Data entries
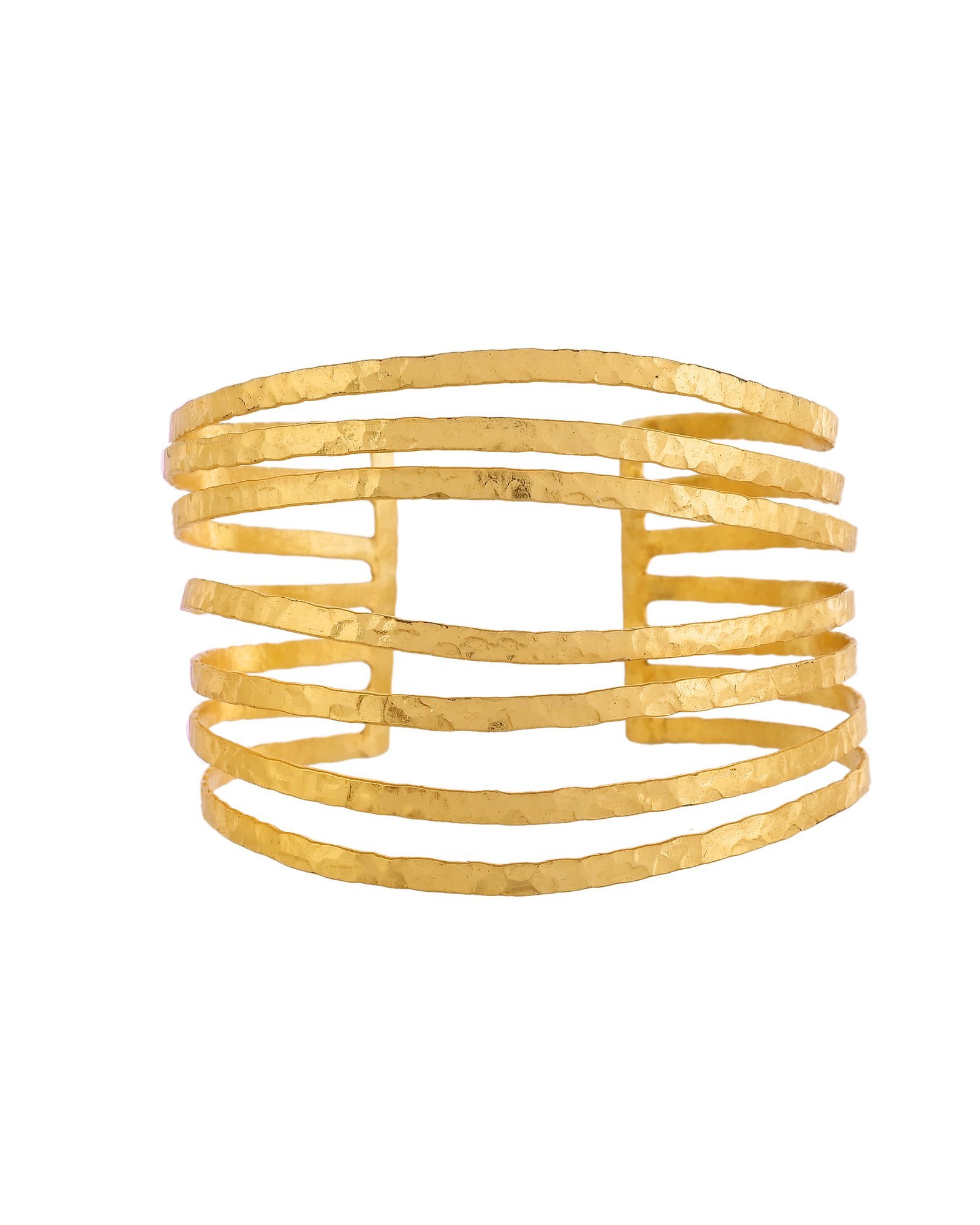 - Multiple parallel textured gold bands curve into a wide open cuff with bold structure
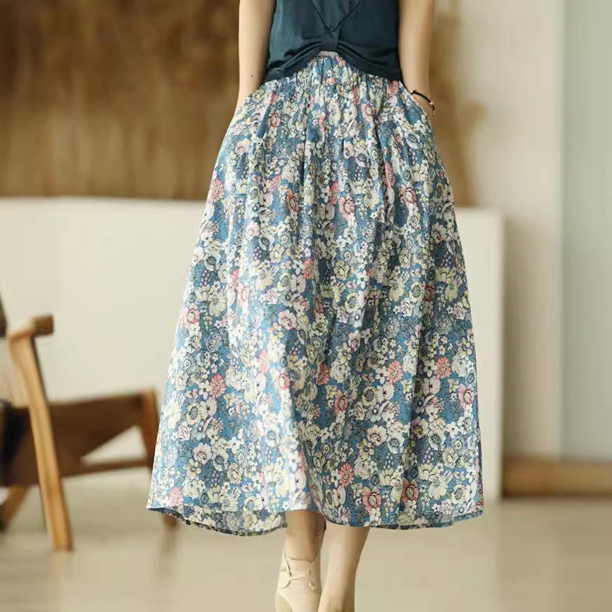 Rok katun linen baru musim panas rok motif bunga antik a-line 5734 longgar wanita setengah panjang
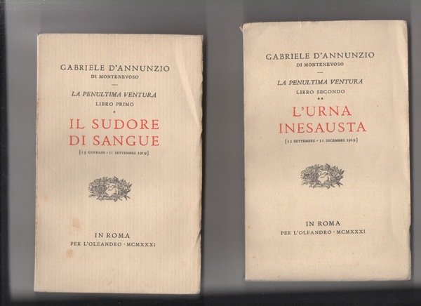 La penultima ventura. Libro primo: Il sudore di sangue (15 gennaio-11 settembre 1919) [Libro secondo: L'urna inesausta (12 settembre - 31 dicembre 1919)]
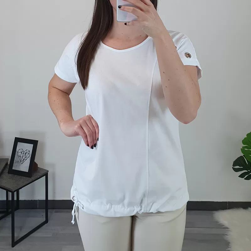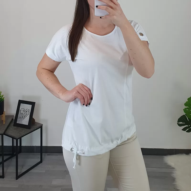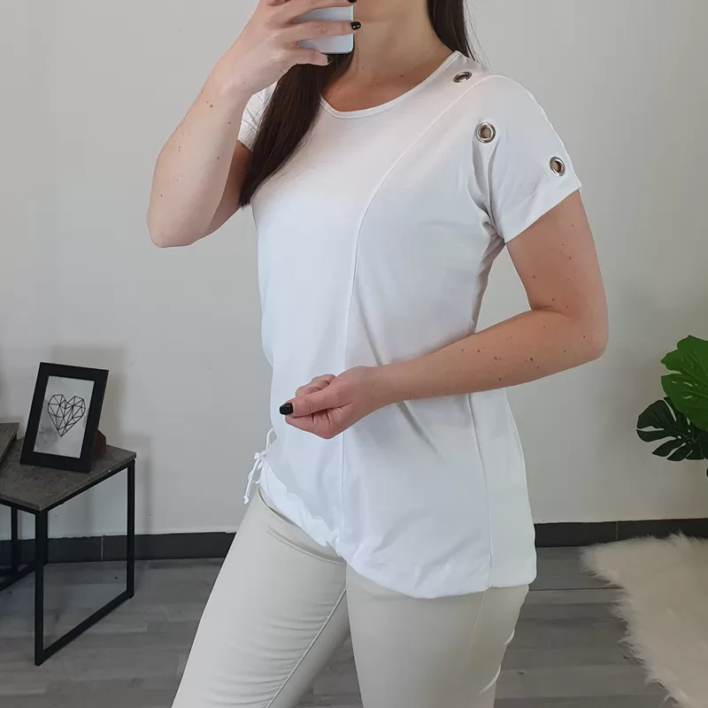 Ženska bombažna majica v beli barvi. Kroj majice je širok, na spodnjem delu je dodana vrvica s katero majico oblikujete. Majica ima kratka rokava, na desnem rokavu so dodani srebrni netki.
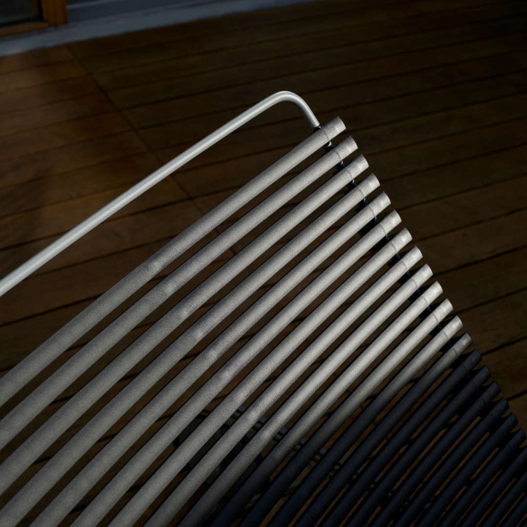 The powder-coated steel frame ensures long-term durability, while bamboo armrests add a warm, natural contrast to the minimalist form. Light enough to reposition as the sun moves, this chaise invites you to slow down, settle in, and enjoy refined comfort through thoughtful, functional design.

**Work instruction:** Once you find the line containing "La penultima ventura.", retype it and every line after it through the last line of the records above, exactly. Add nothing else, and leave out the pictures.

**Task result:**
 La penultima ventura. Libro primo: Il sudore di sangue (15 gennaio-11 settembre 1919) [Libro secondo: L'urna inesausta (12 settembre - 31 dicembre 1919)]
 Ženska bombažna majica v beli barvi. Kroj majice je širok, na spodnjem delu je dodana vrvica s katero majico oblikujete. Majica ima kratka rokava, na desnem rokavu so dodani srebrni netki.
 The powder-coated steel frame ensures long-term durability, while bamboo armrests add a warm, natural contrast to the minimalist form. Light enough to reposition as the sun moves, this chaise invites you to slow down, settle in, and enjoy refined comfort through thoughtful, functional design.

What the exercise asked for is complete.